A willingness to die is nothing new in warfare. Men have given their lives and commanders have willingly sacrificed their men since they were fighting with stones and spears. But no nation has ever intentionally, methodically sacrificed its soldiers on the scale of Japan in World War II, and no nation has ever responded more purposefully or with such overwhelming force as the United States. Americans remember World War II as the Good War and its veterans as the Greatest Generation. But especially in the Pacific, where America was up against an island empire that refused to give in short of death, it was a brutal, vicious war.

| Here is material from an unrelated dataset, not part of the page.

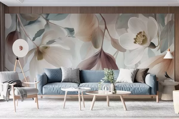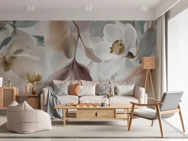 a delicate composition of flowers and leaves in pastel shades - Wall mural (No. w05240)

Thanks in part to the film "Saving Private Ryan" and a series of moving anniversary celebrations, Americans tend to focus on D-Day and the liberation of Europe from Nazi rule. But a bloodier, more brutal battle was fought at Okinawa between April and June 1945, and that engagement, which cost some 12,000 American and 200,000 Japanese lives, was a mere skirmish compared with the carnage that would have been wreaked by an invasion of Japan, scheduled to begin in the fall.

Don Dencker, an Army infantryman who carried a mortar on Okinawa, was shocked to see that the captain played by Tom Hanks in "Private Ryan" wore his captain's bars on his helmet at D-Day. At Okinawa, says Dencker, "we stripped our insignia, including the red crosses on medics." Captains and medics just made for more tempting targets. "It was a war without mercy. It was kill or be killed--no prisoners," Dencker, now 80, recalls to news-week. "Our chaplain carried an M-1 rifle, and he used it."

As Americans sink into a dirty war in Iraq, it is worth recalling the depths to which both sides plunged in the final days of World War II. Japan knew that it could not win, so it tried to bleed the United States and break its resolve. America merely redoubled its fury and began burning Japan, city by city. Recently, NEWSWEEK interviewed veterans on both sides of this grotesque endgame. Their recollections are appalling and instructive about the way in which men and women deal with all-out war.